▶ **Data listing**:
*** Block opens ***

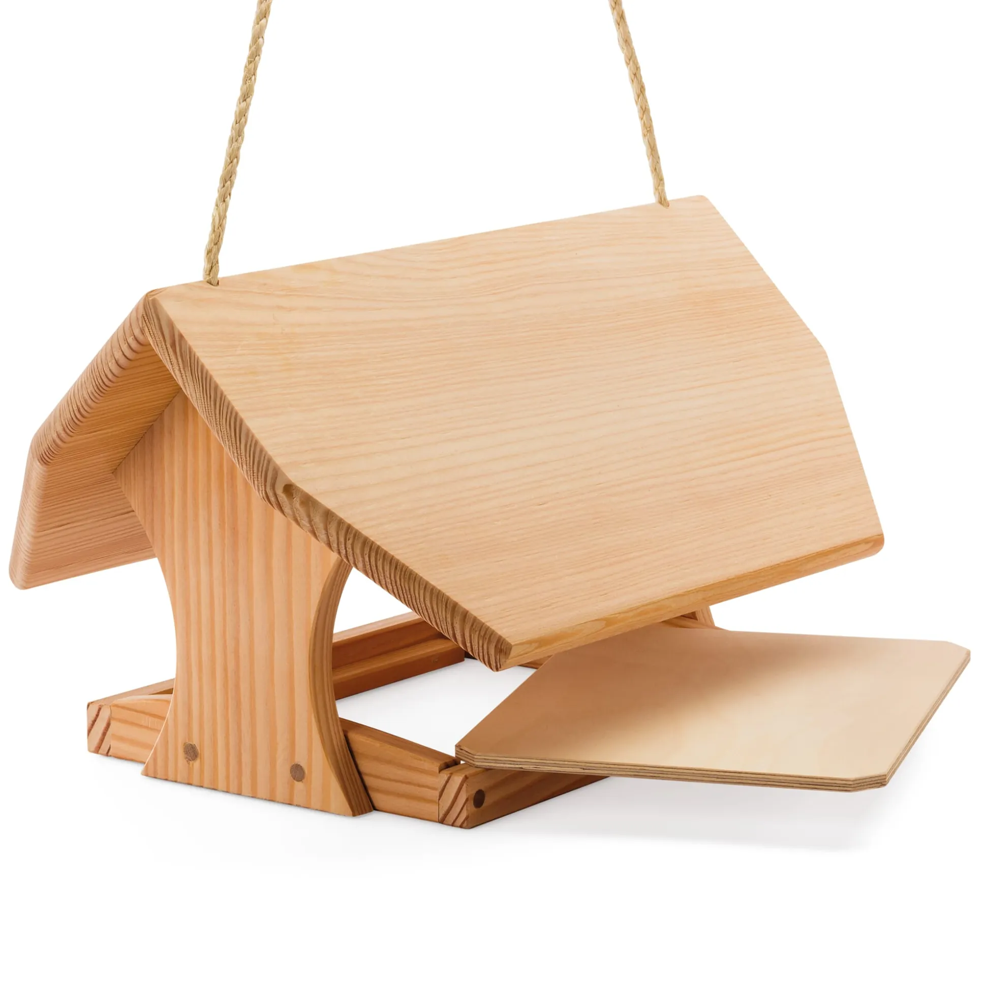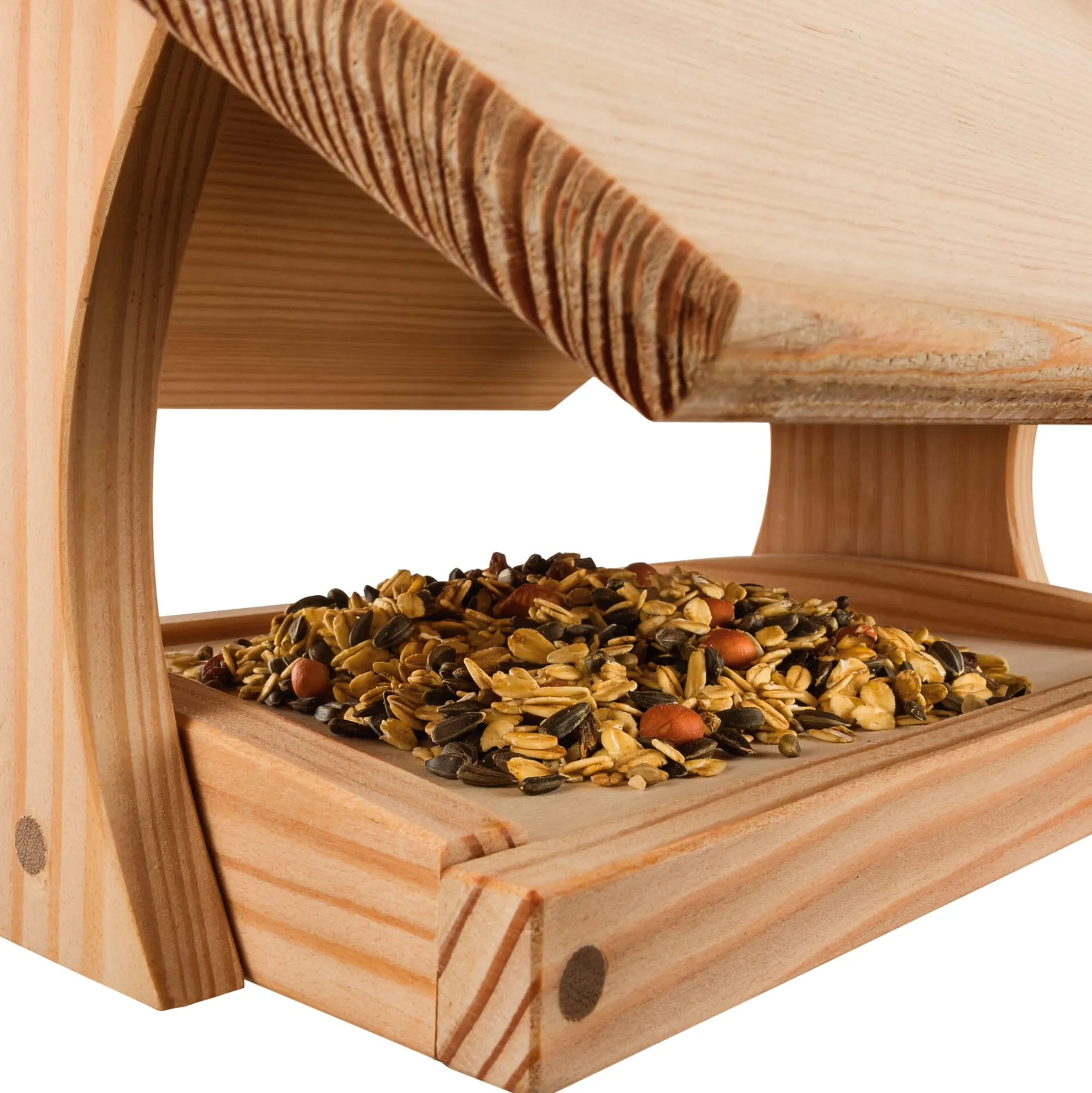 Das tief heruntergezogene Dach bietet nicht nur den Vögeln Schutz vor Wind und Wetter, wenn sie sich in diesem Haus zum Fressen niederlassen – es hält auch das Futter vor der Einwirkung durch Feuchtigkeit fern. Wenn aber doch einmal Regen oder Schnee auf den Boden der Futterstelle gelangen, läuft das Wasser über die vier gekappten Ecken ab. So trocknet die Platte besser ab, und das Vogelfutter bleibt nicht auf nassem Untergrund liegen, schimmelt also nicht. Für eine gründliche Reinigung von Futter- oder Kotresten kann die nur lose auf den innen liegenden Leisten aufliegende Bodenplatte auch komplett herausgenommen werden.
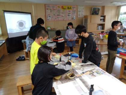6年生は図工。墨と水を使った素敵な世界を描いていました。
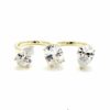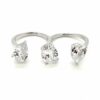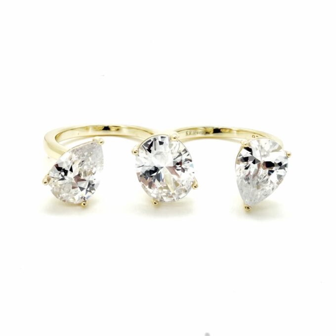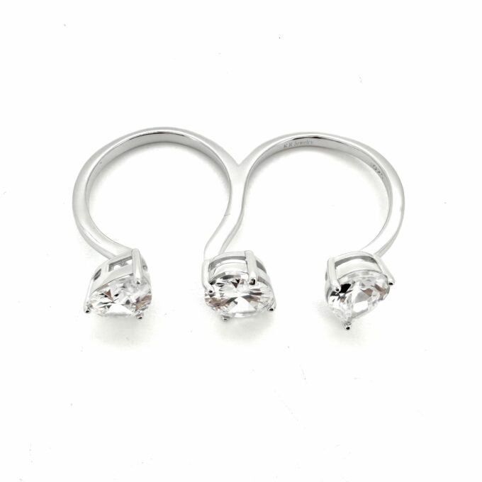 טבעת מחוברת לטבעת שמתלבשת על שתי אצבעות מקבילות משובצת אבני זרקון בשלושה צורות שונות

*** Block closes ***
*** Block opens ***

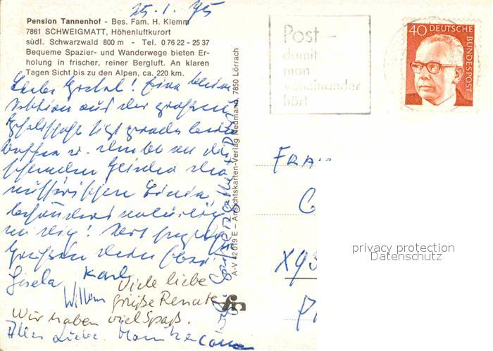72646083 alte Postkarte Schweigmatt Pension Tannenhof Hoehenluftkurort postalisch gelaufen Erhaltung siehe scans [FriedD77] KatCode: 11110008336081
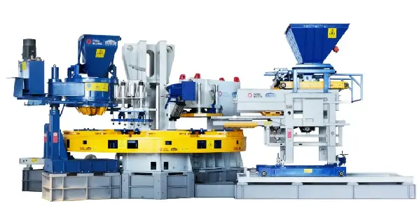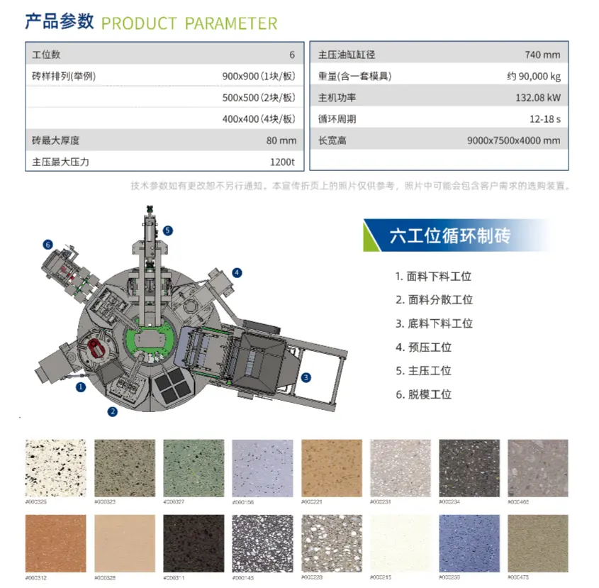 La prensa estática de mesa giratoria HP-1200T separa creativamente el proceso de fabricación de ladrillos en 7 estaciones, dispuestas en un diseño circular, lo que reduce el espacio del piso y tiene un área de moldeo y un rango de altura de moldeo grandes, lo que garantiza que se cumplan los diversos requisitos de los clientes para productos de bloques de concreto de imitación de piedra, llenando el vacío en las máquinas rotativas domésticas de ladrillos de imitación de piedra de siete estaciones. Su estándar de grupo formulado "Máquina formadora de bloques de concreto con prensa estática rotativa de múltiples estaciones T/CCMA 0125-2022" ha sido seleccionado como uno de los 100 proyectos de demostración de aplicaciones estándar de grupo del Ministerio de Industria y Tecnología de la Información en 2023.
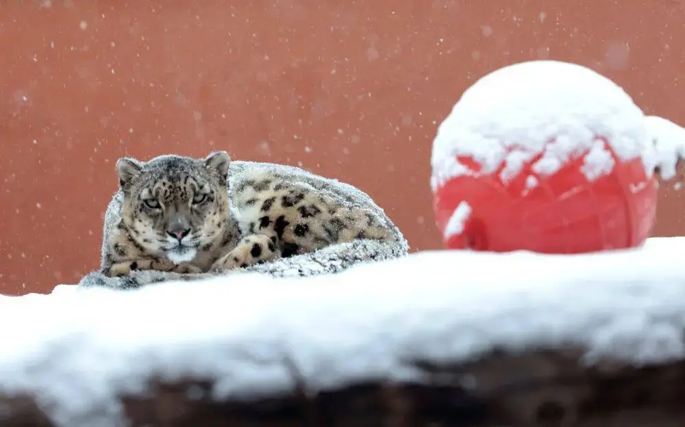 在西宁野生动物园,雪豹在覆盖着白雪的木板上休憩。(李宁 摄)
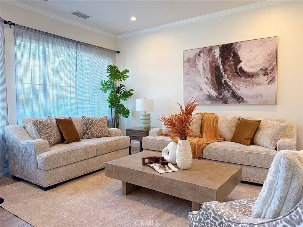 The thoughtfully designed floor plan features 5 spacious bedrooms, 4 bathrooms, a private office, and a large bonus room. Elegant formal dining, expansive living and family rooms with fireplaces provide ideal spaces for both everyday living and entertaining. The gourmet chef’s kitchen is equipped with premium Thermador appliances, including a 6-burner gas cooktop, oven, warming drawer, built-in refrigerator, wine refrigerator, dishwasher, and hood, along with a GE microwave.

*** Block closes ***
*** Block opens ***

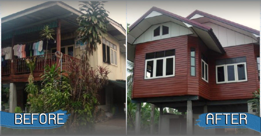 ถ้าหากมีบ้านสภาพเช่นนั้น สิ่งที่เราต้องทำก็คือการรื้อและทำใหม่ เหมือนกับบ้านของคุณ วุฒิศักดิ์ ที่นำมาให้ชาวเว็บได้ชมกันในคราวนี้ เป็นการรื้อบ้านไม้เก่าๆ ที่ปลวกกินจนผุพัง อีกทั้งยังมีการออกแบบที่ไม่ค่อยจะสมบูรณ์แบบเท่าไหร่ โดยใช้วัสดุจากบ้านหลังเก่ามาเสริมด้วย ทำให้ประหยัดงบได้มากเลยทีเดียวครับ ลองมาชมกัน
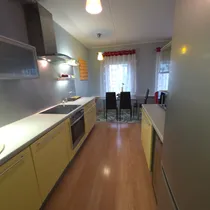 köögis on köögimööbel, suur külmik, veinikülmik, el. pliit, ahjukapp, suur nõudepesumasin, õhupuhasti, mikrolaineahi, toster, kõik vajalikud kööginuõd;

*** Block closes ***

▶ **Work order**: Without the pictures, set down the lines above from the line with "La prensa estática" up to and including the line with "The thoughtfully designed" exactly as they stand.

▶ **Solution**:
 La prensa estática de mesa giratoria HP-1200T separa creativamente el proceso de fabricación de ladrillos en 7 estaciones, dispuestas en un diseño circular, lo que reduce el espacio del piso y tiene un área de moldeo y un rango de altura de moldeo grandes, lo que garantiza que se cumplan los diversos requisitos de los clientes para productos de bloques de concreto de imitación de piedra, llenando el vacío en las máquinas rotativas domésticas de ladrillos de imitación de piedra de siete estaciones. Su estándar de grupo formulado "Máquina formadora de bloques de concreto con prensa estática rotativa de múltiples estaciones T/CCMA 0125-2022" ha sido seleccionado como uno de los 100 proyectos de demostración de aplicaciones estándar de grupo del Ministerio de Industria y Tecnología de la Información en 2023.
 在西宁野生动物园,雪豹在覆盖着白雪的木板上休憩。(李宁 摄)
 The thoughtfully designed floor plan features 5 spacious bedrooms, 4 bathrooms, a private office, and a large bonus room. Elegant formal dining, expansive living and family rooms with fireplaces provide ideal spaces for both everyday living and entertaining. The gourmet chef’s kitchen is equipped with premium Thermador appliances, including a 6-burner gas cooktop, oven, warming drawer, built-in refrigerator, wine refrigerator, dishwasher, and hood, along with a GE microwave.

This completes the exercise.